Gravel from an established tank will help speed up the cycling process, but if you have access to an established tank, why not use some of the filter media too. That way you will have what is called a cloned tank. And if its of similar size to yours, you can start adding fish straight away, just keep an eye on water tests. Using mature tank water won't help in any significant way, so new dechlorinated tap water will do.

Plants won't help the cycling process, but can survive it with no problems, so plant it when you want, many prefer to do it before the fish go in.

HTH

Jon
 
a bit of the sponge in the filter, take a bit out of the other tank and put it in the new tank filter
 
Media...
The material inside your filter that filters the water. Depending on your filter type, you may have three types of filtration. Mechanical - sponges and filter floss, - bioloical - the sponges and maybe some porous material, Chemical - carbon and/or others that absorb chemicals from the water.

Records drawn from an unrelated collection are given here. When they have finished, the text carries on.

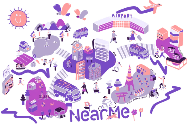 「NearMe」は、独自のAIを活用した最適なルーティングで、出発地から目的地までの移動をドアツードアで結ぶタクシーのシェアサービスです。その中でも、空港とその周辺の都市部を結ぶ空港送迎型の『エアポートシャトル』は、2019年8月のサービス開始から、 多くの方にご利用いただき、累計予約人数125万人※1を達成しました。現在は、全国16の空港※2(羽田空港、成田空港、伊丹空港、関西空港、新千歳空港、中部国際空港、福岡空港、那覇空港、旭川空港、帯広空港、青森空港、仙台空港、静岡空港、南紀白浜空港、徳島空港、北九州空港)と、空港周辺の都市部でご利用いただくことができます。対象エリアであれば、出発地となるご自宅から空港、そして空港から最終目的地まで一気通貫でつながるため、公共交通機関の乗り換えがなくなるなど、ストレスフリーな移動体験を提供することができます。また、貸切送迎サービスや、東京都と千葉県全域のゴルフ場と東京都23区内を結ぶゴルフシャトルなど、シチュエーションに応じて様々な移動のニーズに対応するための各種サービスを展開しています。
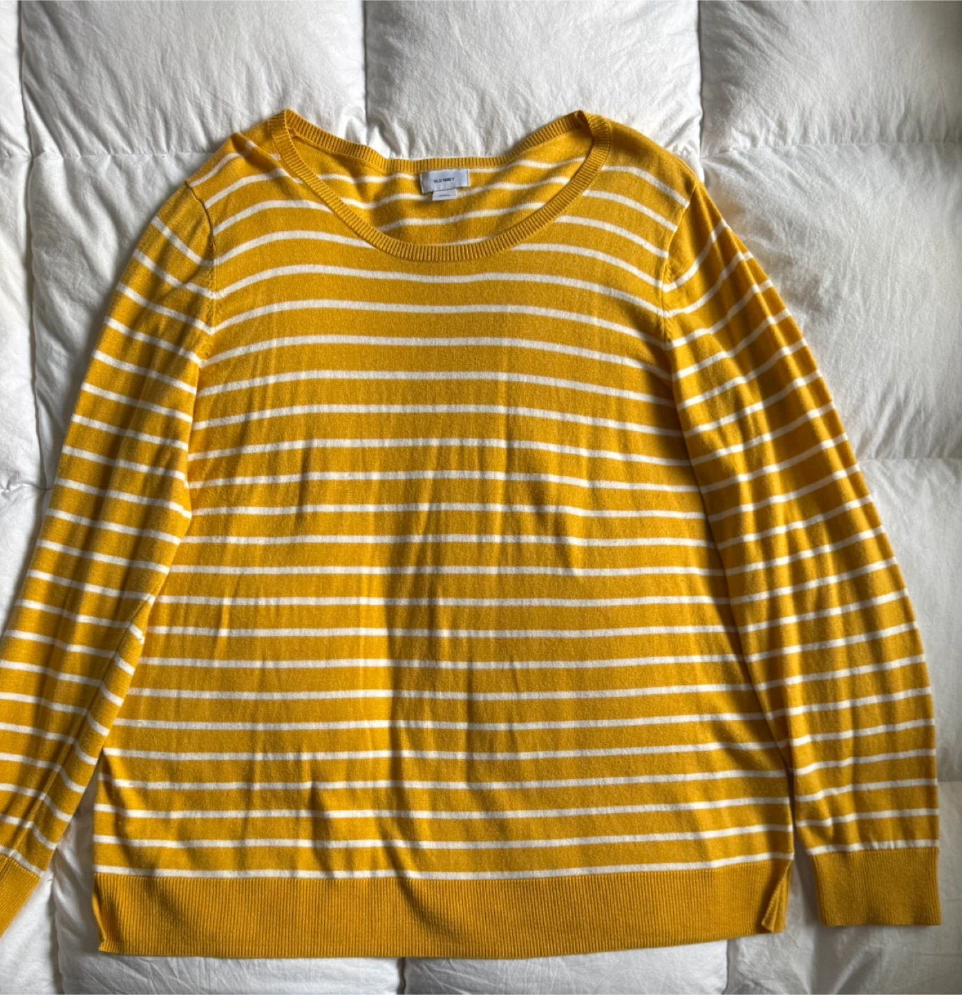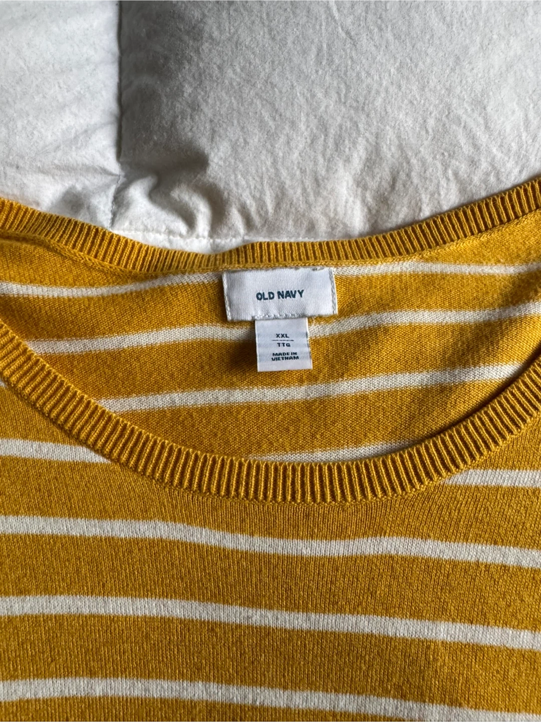 Two Old Navy sweaters for sale! One is a yellow and white striped sweater, and the other is a navy blue sweater with white polka dots. Both are size XXL. Best price $10 each price is firm. Pickup Surrey
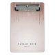 Chic clipboard features two lines of custom text in classic black lettering on a blush pink ombre background adorned with strands of faux rose gold foil string lights. Design repeats on reverse side. Please note that this clipboard is a mini size; full size version also available in our Blush Rain collection.
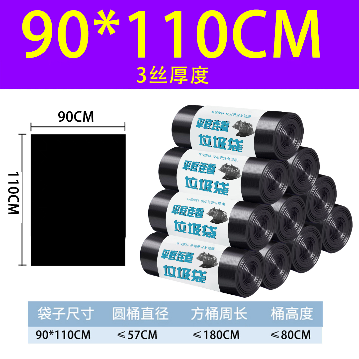 90*110 cm, 4-mil thickness, 5 rolls per bag, 100 bags.
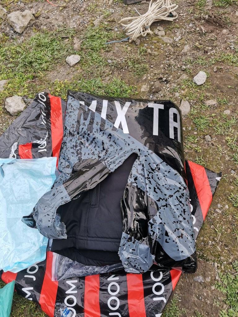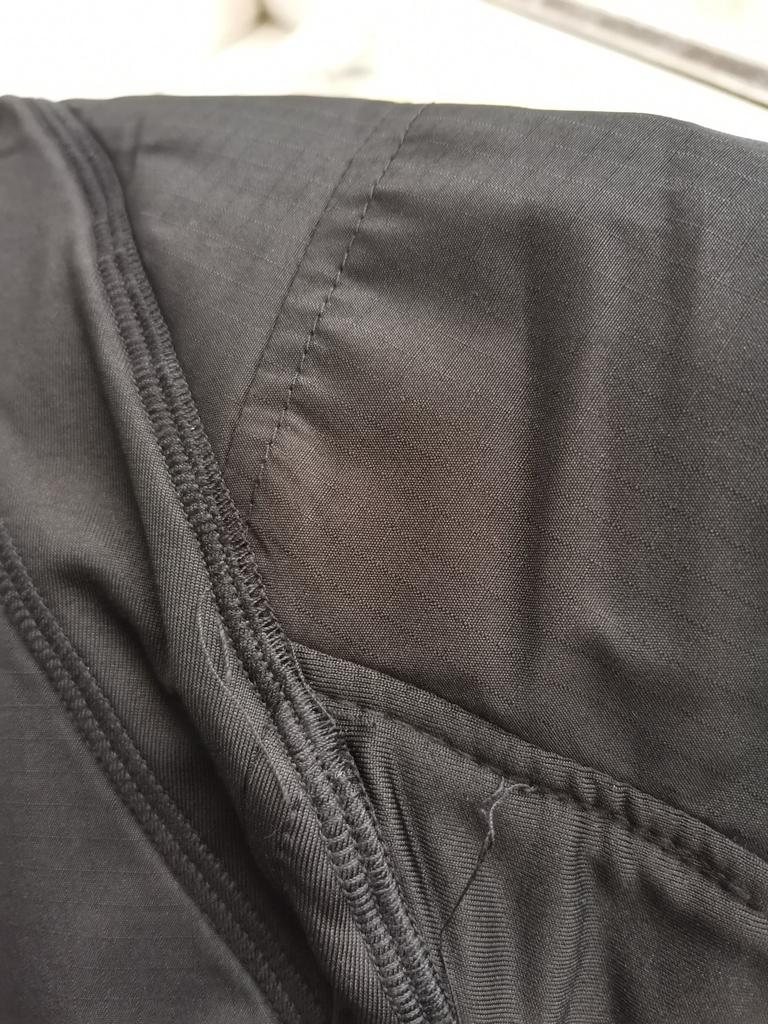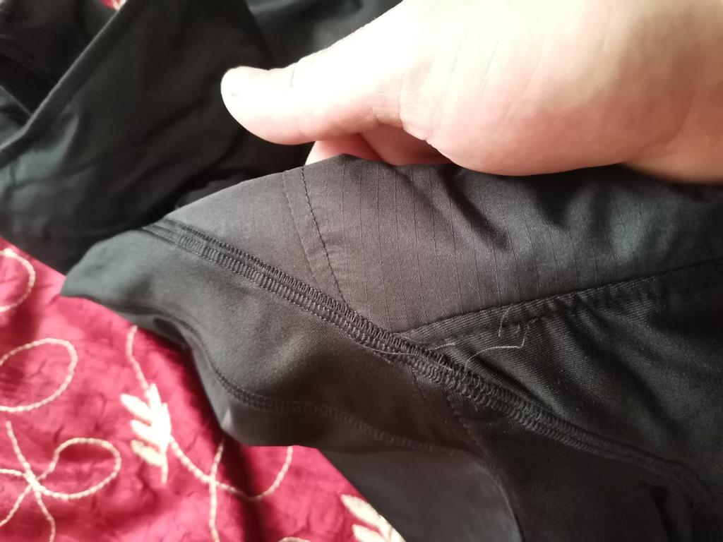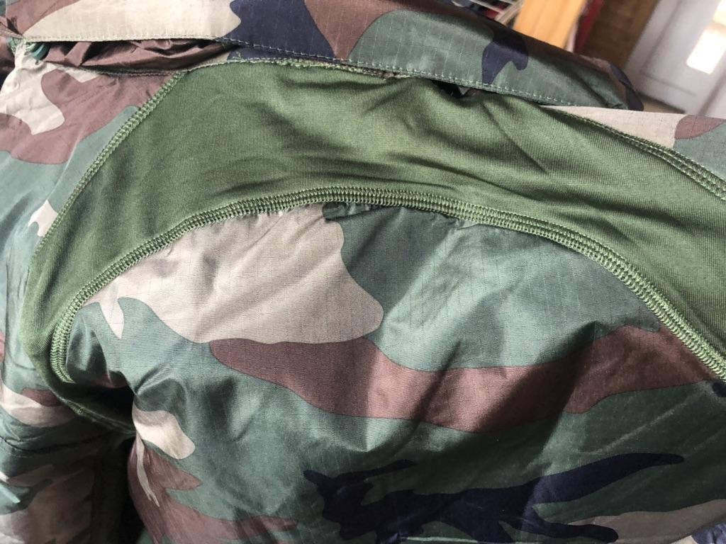 The jacket is not waterproof, see photo - there is a strip of fabric on the back that gets wet immediately.

If you want to clone a filter, then its the biological stuff you need to use. Dont take it all, just half. if you take it all then the tank you take it from will need to be cycled again!

Jon
 
one problem........the new tank has an undergravel filter :/
 
ahhh, well then, the filter media is the gravel, sorted, go and get that gravel. Under gravel filters are not my fav, but they work.

Jon
 
A word of caution. Adding that gravel will not be as good as adding a sponge from another filter into a new filter. Removing the gravel from the origional tank will displace a lot of the bacteria. It will speed up the cycle though, faster than when adding gravel to a tank that uses another type of filter, but don't expect it to be upto full speed. I would get a test kit, add ammonia to the tank and test the next day for ammonia and nitrIte. Repeat for a couple of days. If it stays at 0 ammonia and 0 nitrIte, go for it, but slowly, not all your fish at once.